══ Excerpted data

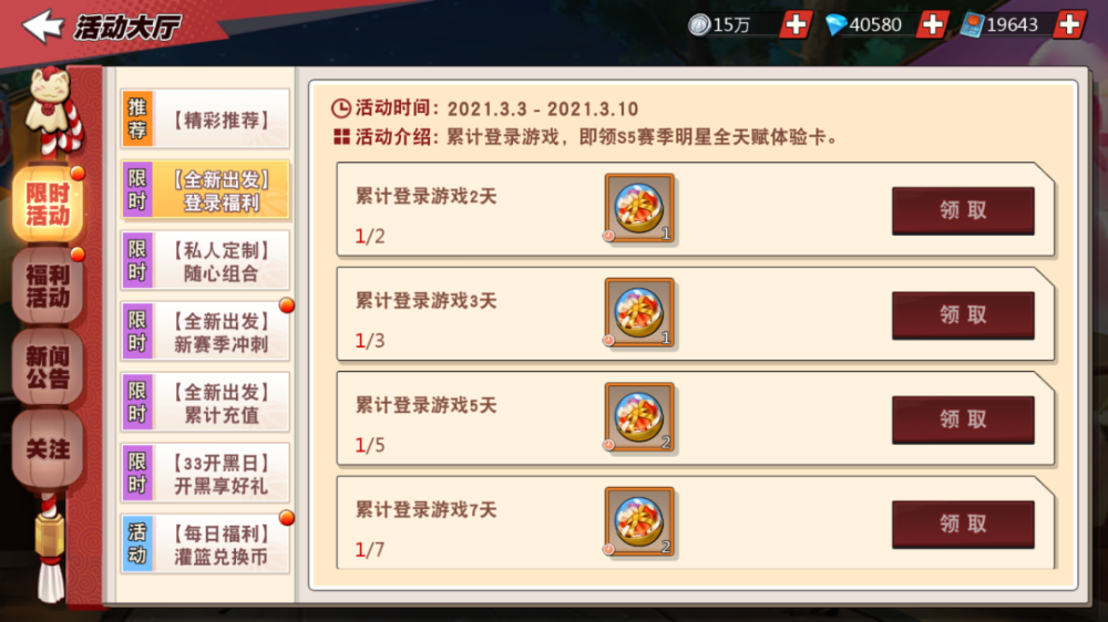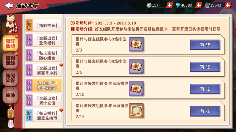 接下来的活动是这个与好友开黑的活动,奖励明细如下:
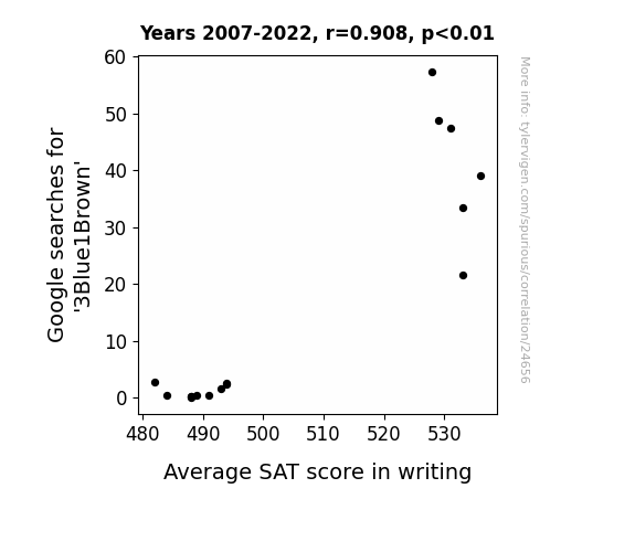This means 82.5% of the change in the one variable (i.e., Average SAT score in writing) is predictable based on the change in the other (i.e., Google searches for '3Blue1Brown') over the 16 years from 2007 through 2022.
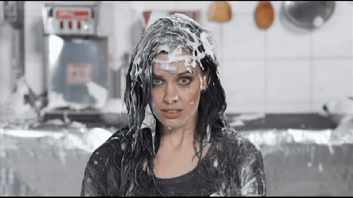 Wow! She looks genuinely shocked at that pie being slapped to the back of her head!
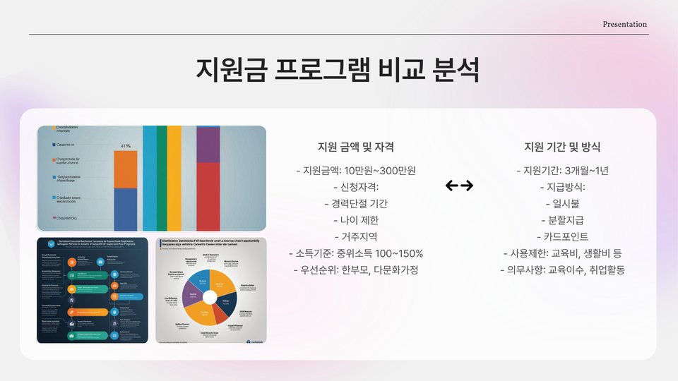 경력단절여성을 위한 지원금은 다음과 같이 크게 나뉘어집니다. 이들 중에서 가장 인기 있는 지원금으로는 직업훈련비 지원, 재취업 지원금, 그리고 여성가장 지원금이 있습니다. 아래는 이 지원금들에 대한 자세한 비교 및 분석입니다.
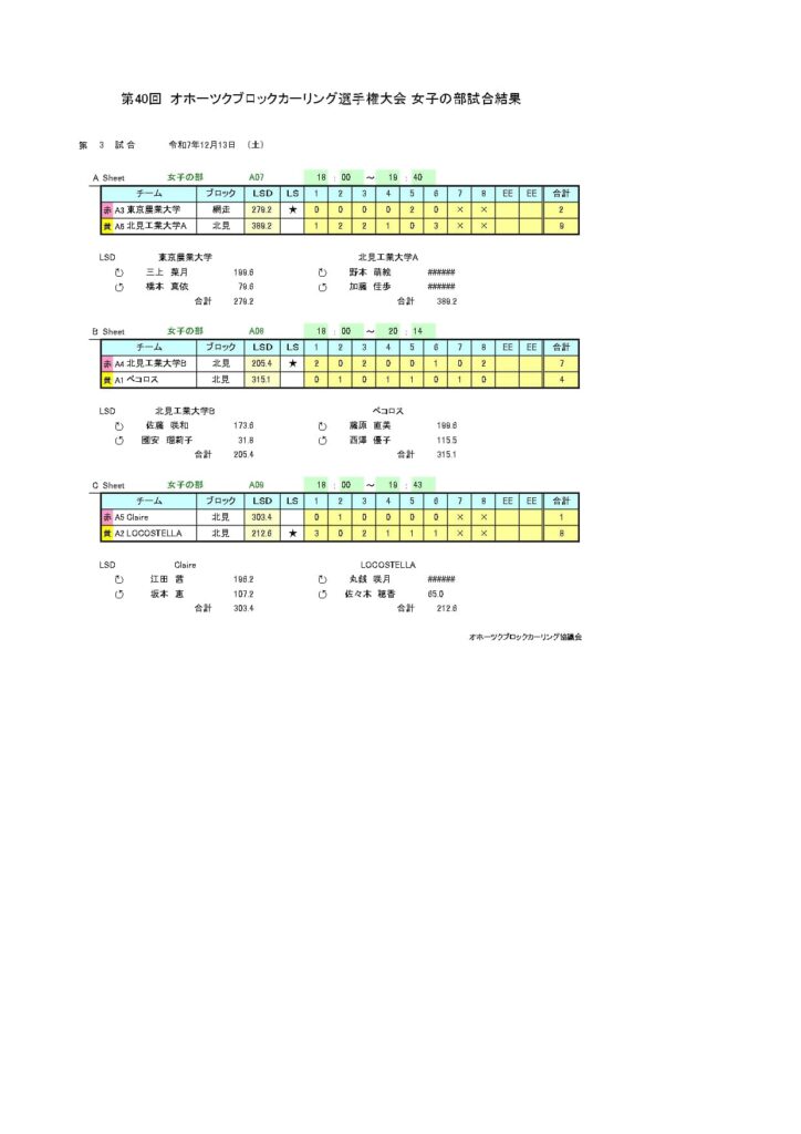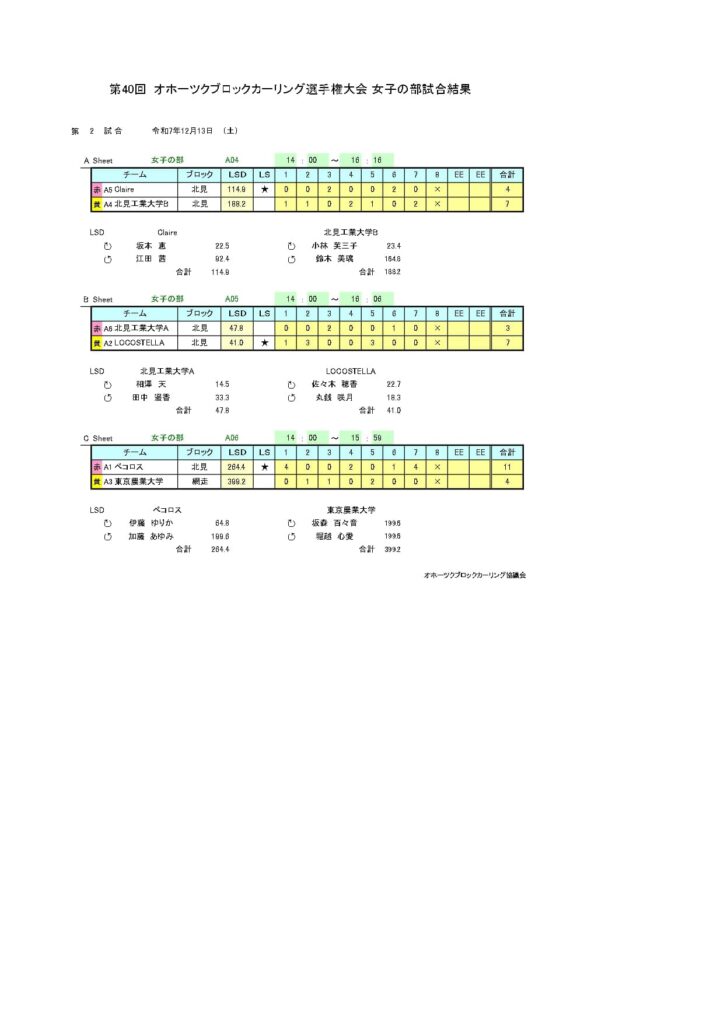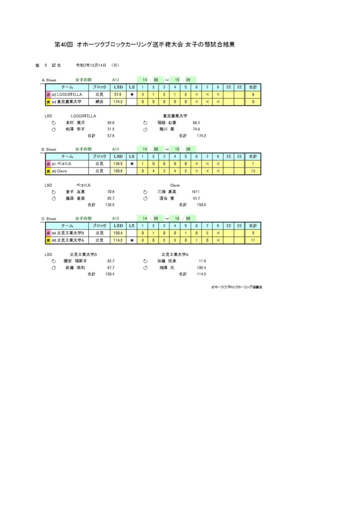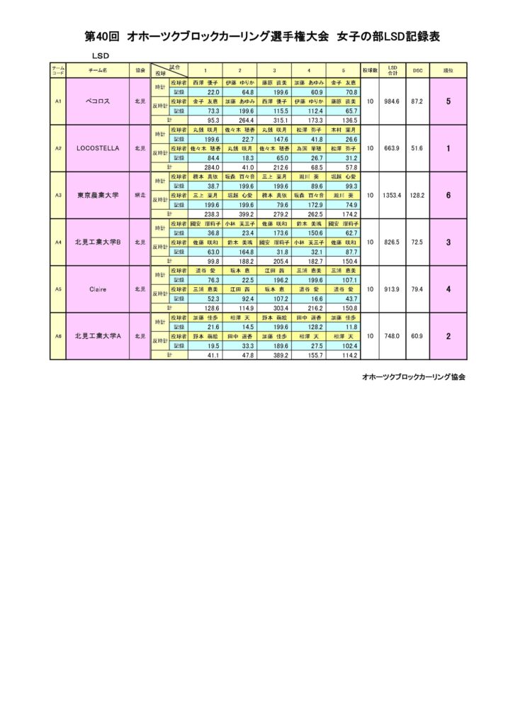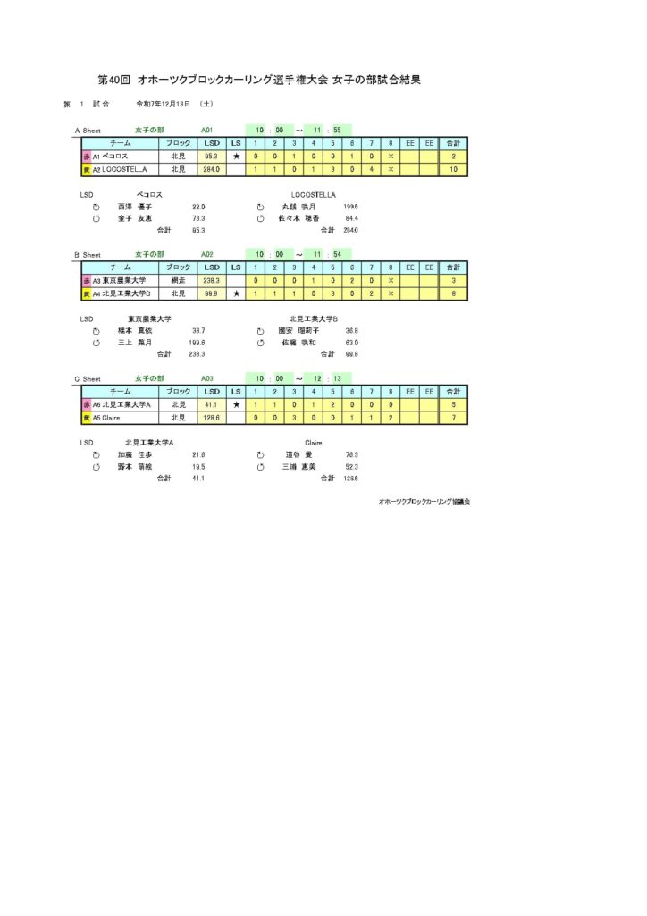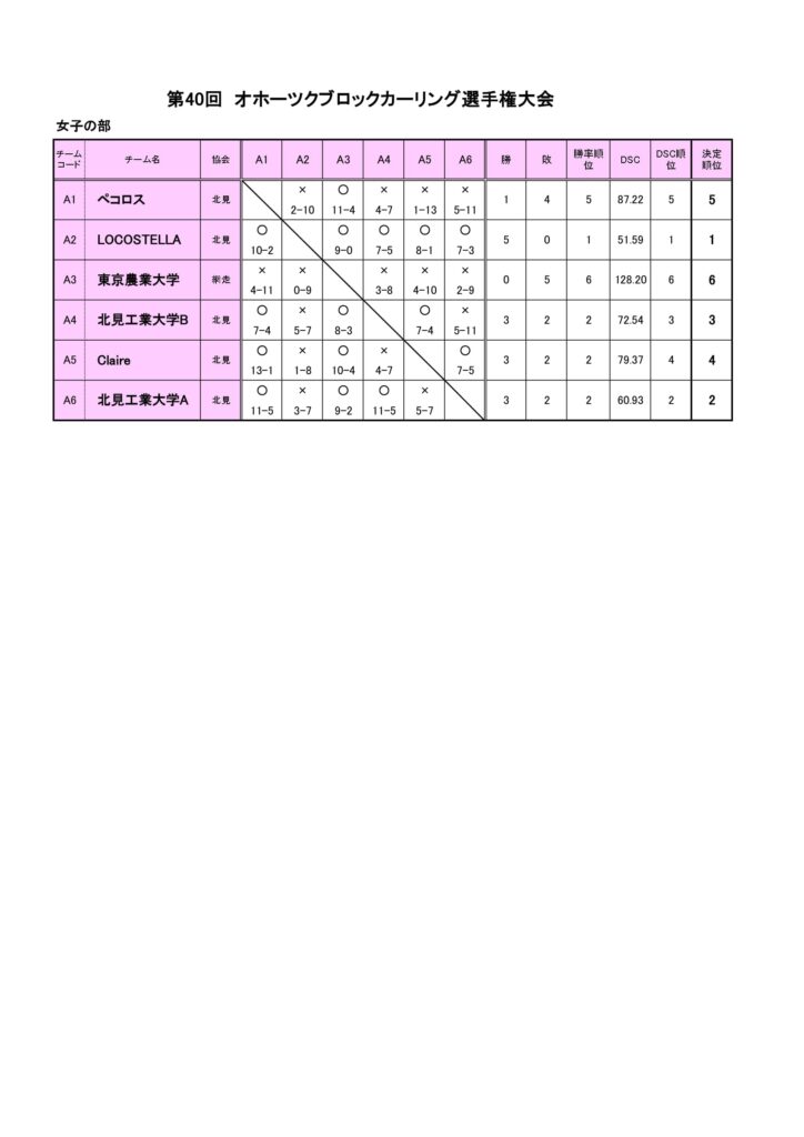 きのうまで、アルゴグラフィックス北見カーリングホールで「第40回オホーツクブロックカーリング選手権大会(女子の部)」を行いました。最終結果は以下のとおりです。

════

Assignment »
If pictures appear, drop them, and retype exactly the lines from the "경력단절여성을 위한 지원금은" line through the last line of the data above.

Output for this task »
 경력단절여성을 위한 지원금은 다음과 같이 크게 나뉘어집니다. 이들 중에서 가장 인기 있는 지원금으로는 직업훈련비 지원, 재취업 지원금, 그리고 여성가장 지원금이 있습니다. 아래는 이 지원금들에 대한 자세한 비교 및 분석입니다.
 きのうまで、アルゴグラフィックス北見カーリングホールで「第40回オホーツクブロックカーリング選手権大会(女子の部)」を行いました。最終結果は以下のとおりです。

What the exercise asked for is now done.